Warum, glauben Sie, ist es schwierig, einen Platz in Mattersburg umzubenennen?

Ich glaube, dass die Betroffenen Angst haben, politisch zu verlieren. Ich bin sogar zum Landeshauptmann gegangen, habe mit ihm gesprochen und ihn gebeten, dass er mit der Bürgermeisterin spricht. Ich habe ihm auch einen Brief geschrieben. Ich habe nie eine Antwort zurückbekommen.

In Ihrem Buch beschreiben Sie, wie Ihr Vater nach dem Anschluss von den Nazis weggeführt wurde. Er musste in Mattersburg Autos waschen. Einmal haben Sie ihn dabei auf der Straße gesehen.

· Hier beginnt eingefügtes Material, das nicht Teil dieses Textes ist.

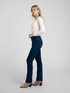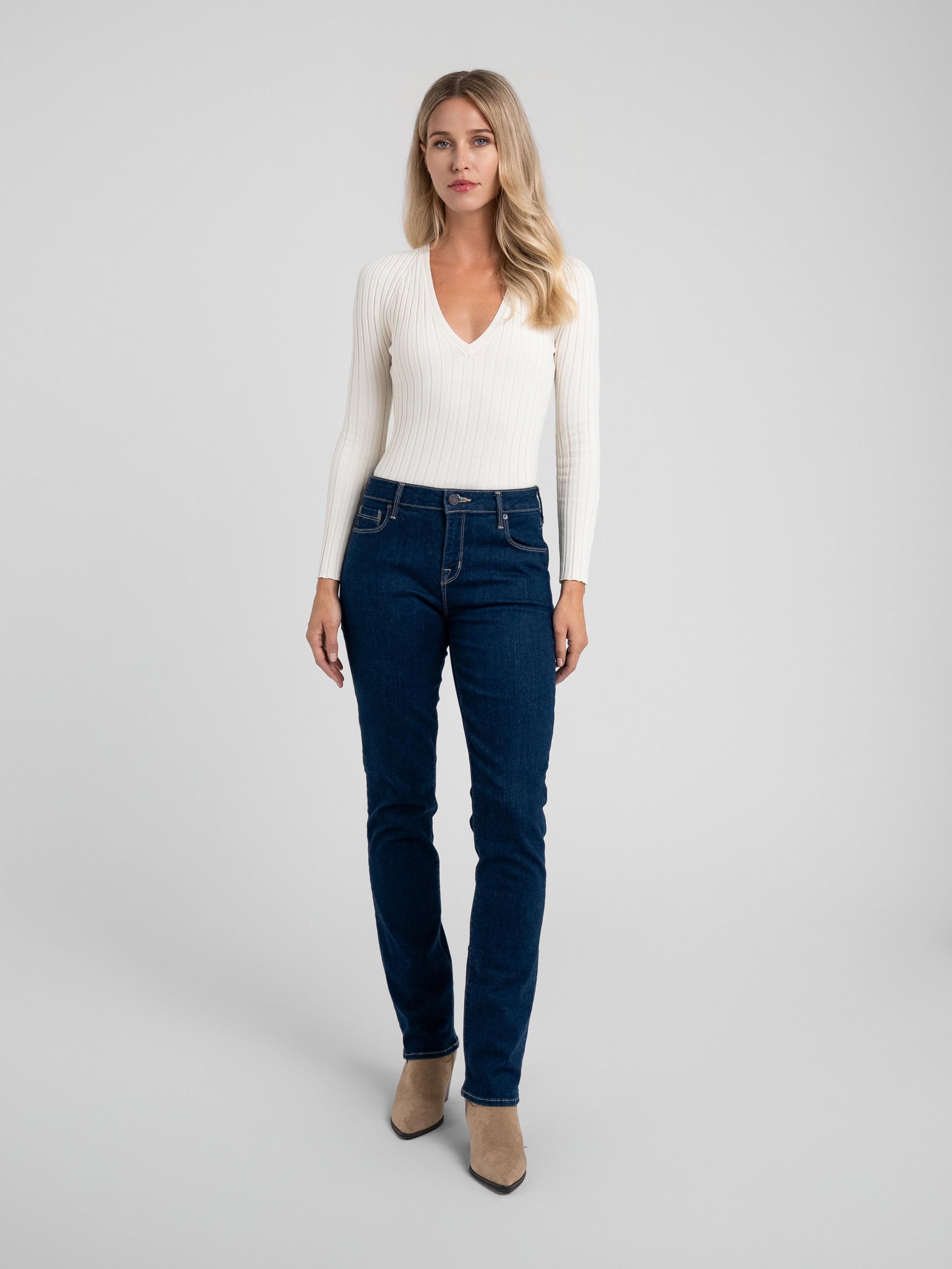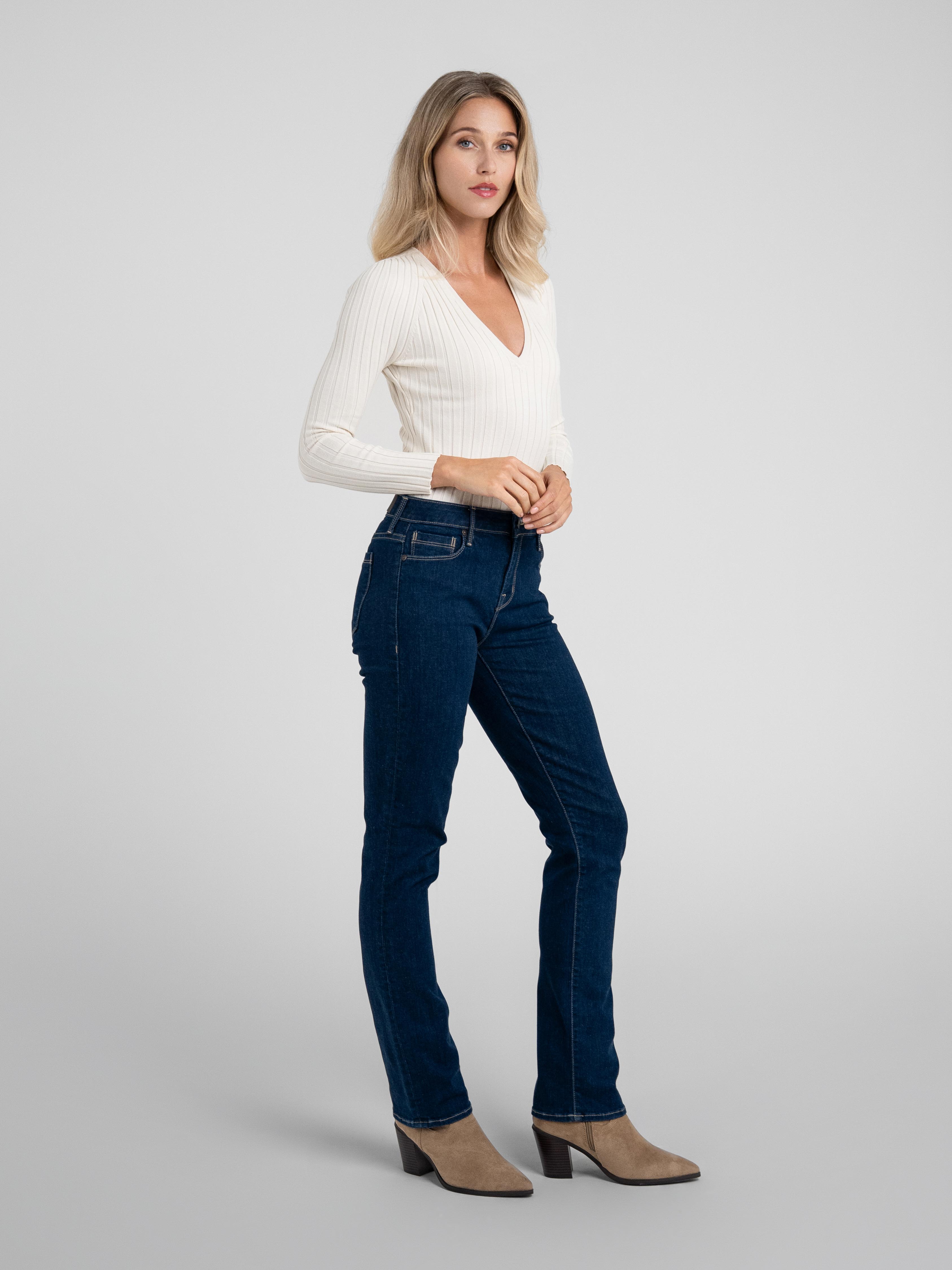 Made in LA from our signature Japanese stretch denim, our slim straight jeans feature a modern, slightly relaxed silhouette with a mid-rise. The sleek design effortlessly flatters your figure, creating a timeless classic look that transcends seasons and trends.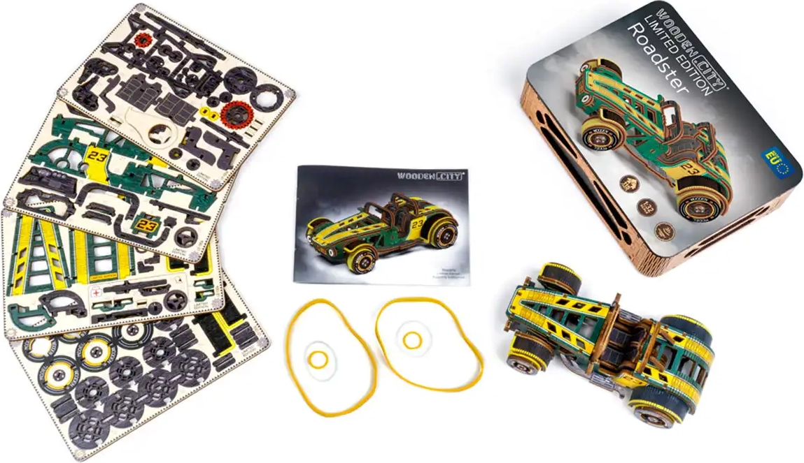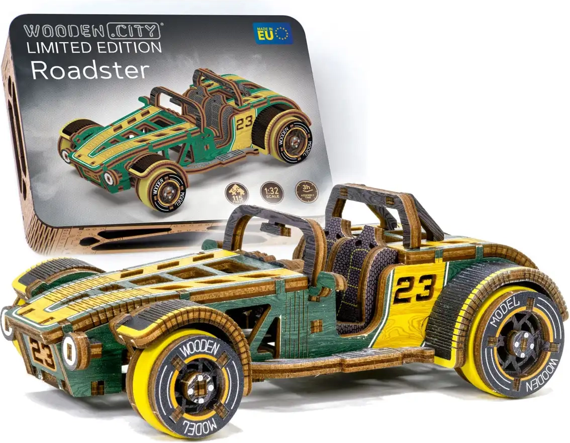 Træ 3D-puslespil Roadster – limited edition giver både byggeglæde og tilfredsstillelsen ved en færdig mekanisk model. Med præcist laserudskårne dele i miljøvenlig birkekrydsfiner samler du uden lim en gennemarbejdet bil med realistiske detaljer og jævn gang.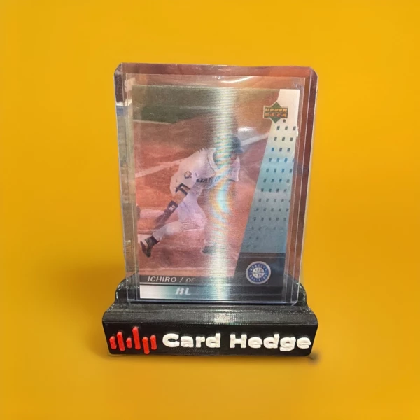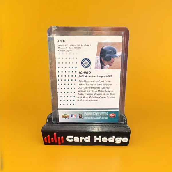 The product is a 2003 Upper Deck Post Cereal trading card featuring Ichiro Suzuki of the Seattle Mariners. This original card is part of the MVP Action set and is made of card stock. It showcases a lenticular design and is part of the base parallel/variety. The card is in English and is a valuable collectible item for fans of Major League Baseball and Ichiro Suzuki.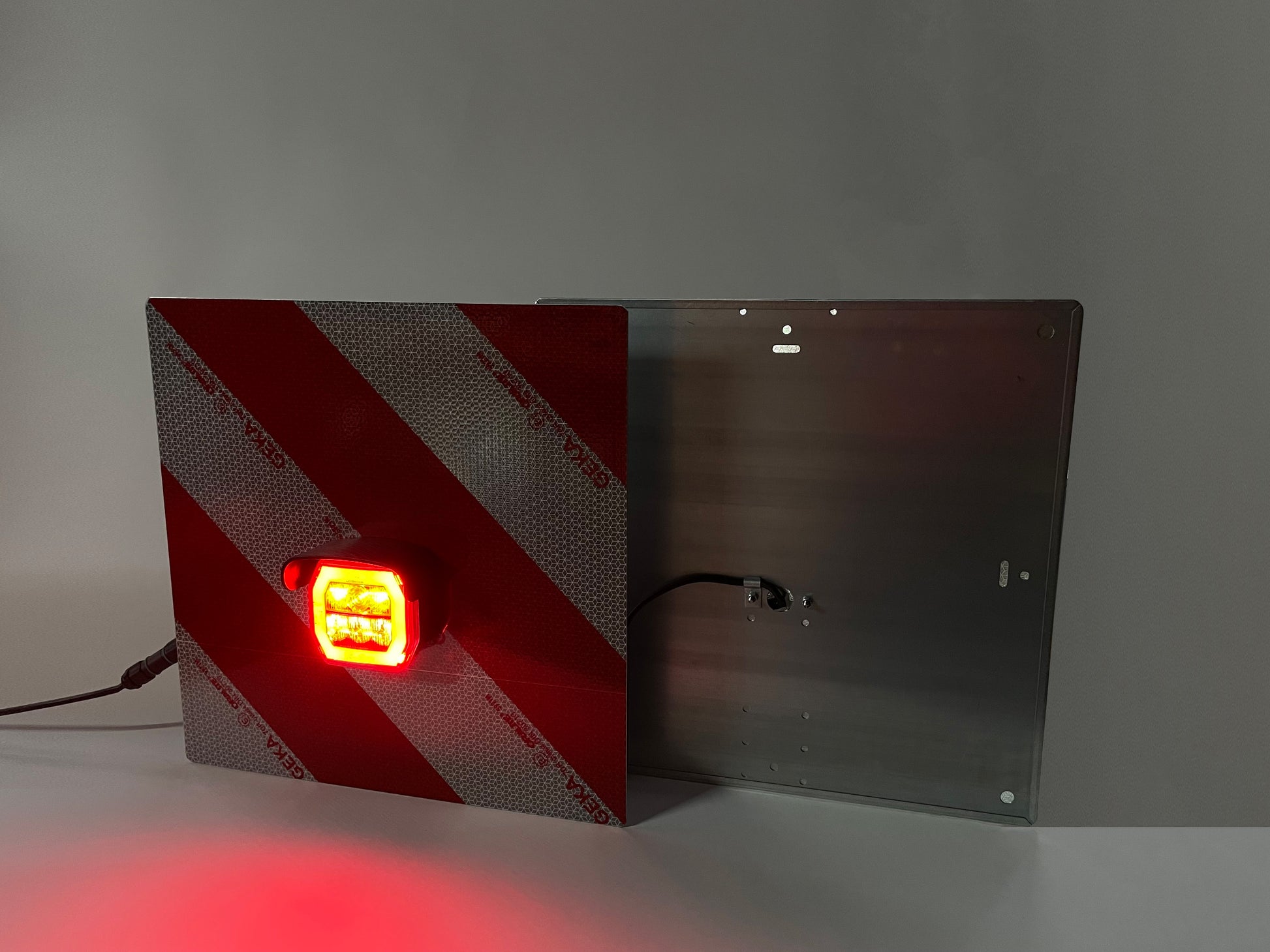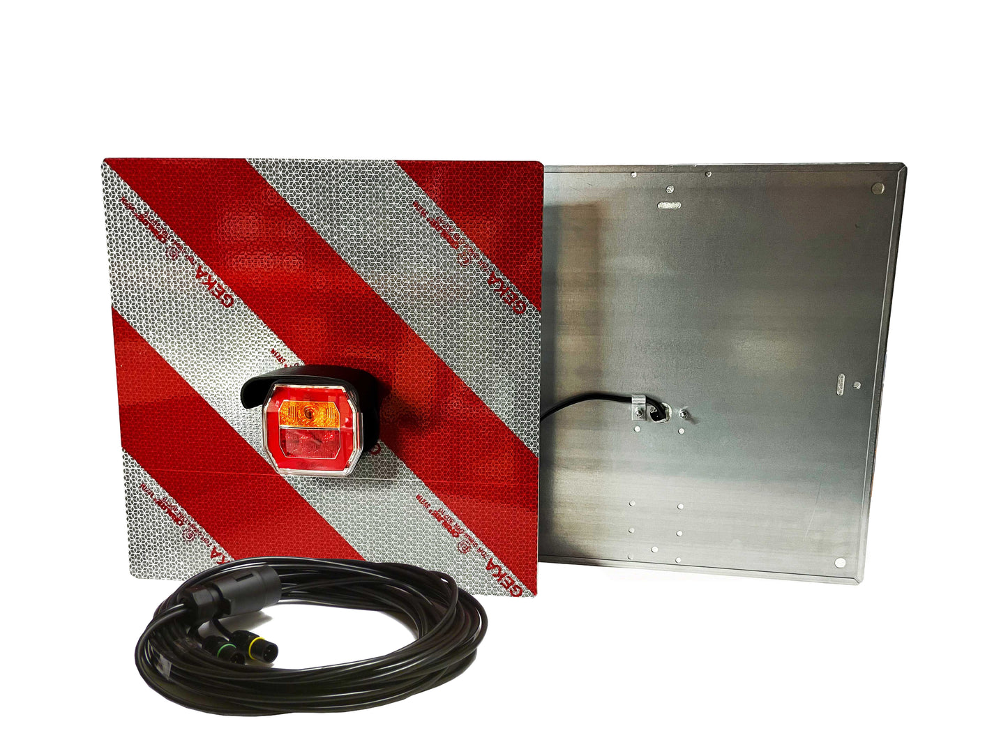 Kit de panneaux de signalisation avec système d'éclairage pour montage fixe, d'un seul côté. Chacun des deux panneaux de signalisation est équipé d'un feu arrière multifonctionnel LED BBS17LEDA.
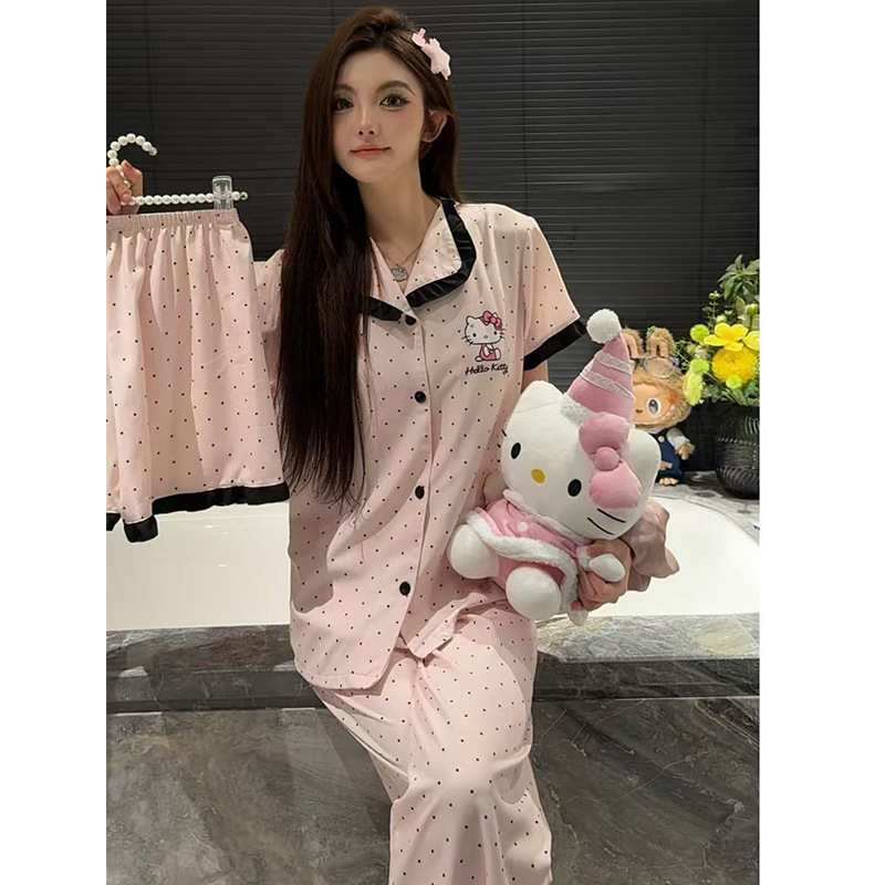 冰雪丝三件套装夏季新款甜美可爱波点kt猫开衫翻领家居服女可外穿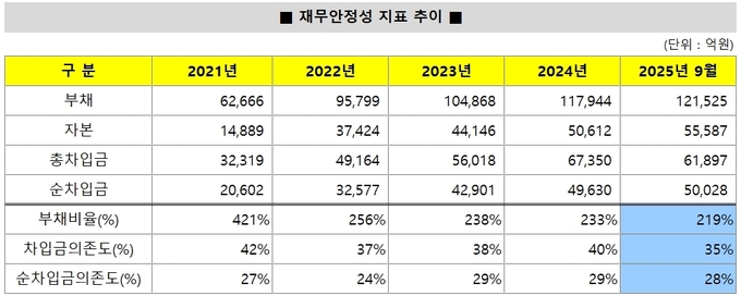 2025년 9월까지는 순차입금이 약 5조원에 이르러 재무 부담이 높은 편이었으나 환경 계열사 및 일부 지분 매각을 통해 대규모 현금이 유입되며 2025년 말 기준 순차입금은 감소세로 전환될 것으로 예상된다. 이에 따라 단기적인 유동성 대응 능력은 일정 수준 확보된 상태다. 다만 개발사업 관련 PF 자금보충 부담과 책임준공 사업 잔액, 단기성 차입 비중이 높은 재무 구조는 지속적인 관리가 필요하다는 지적이다.

Ich war glücklich, als ich ihn sah. Aber es war eine drohende Atmosphäre. Das waren Leute, die eine Woche früher wichtige Persönlichkeiten waren, und plötzlich sind sie schmutzig und schlafen im Stroh. Natürlich habe ich wahnsinnige Angst gehabt, dass ich meinen Vater nicht mehr sehen werde. Es war eine Art interner Terror. Aber die Leute waren so naiv damals, sie glaubten, die Nazis wollen sie hinausschmeißen, um sie zu berauben, ihnen Geld, Position und Geschäfte wegnehmen. An Holocaust hat niemand gedacht.

STECKBRIEF

1931 Peter Berczeller wird in Wien geboren. Sein Vater ist der jüdische Arzt und Sozialdemokrat Richard Berczeller, der in Mattersburg praktiziert. 1934 verliert Richard Berczeller die Genehmigung zu arbeiten. Nach dem Anschluss flieht die Familie.

1941 kommen die Berczellers in New York an. Peter studiert Medizin in Chicago. Später gehören zu seinen Patienten viele (sozialdemokratische) Flüchtlinge aus Österreich.
Seine Autobiografie "Der kleine weiße Mantel" ist nun im Metroverlag erschienen.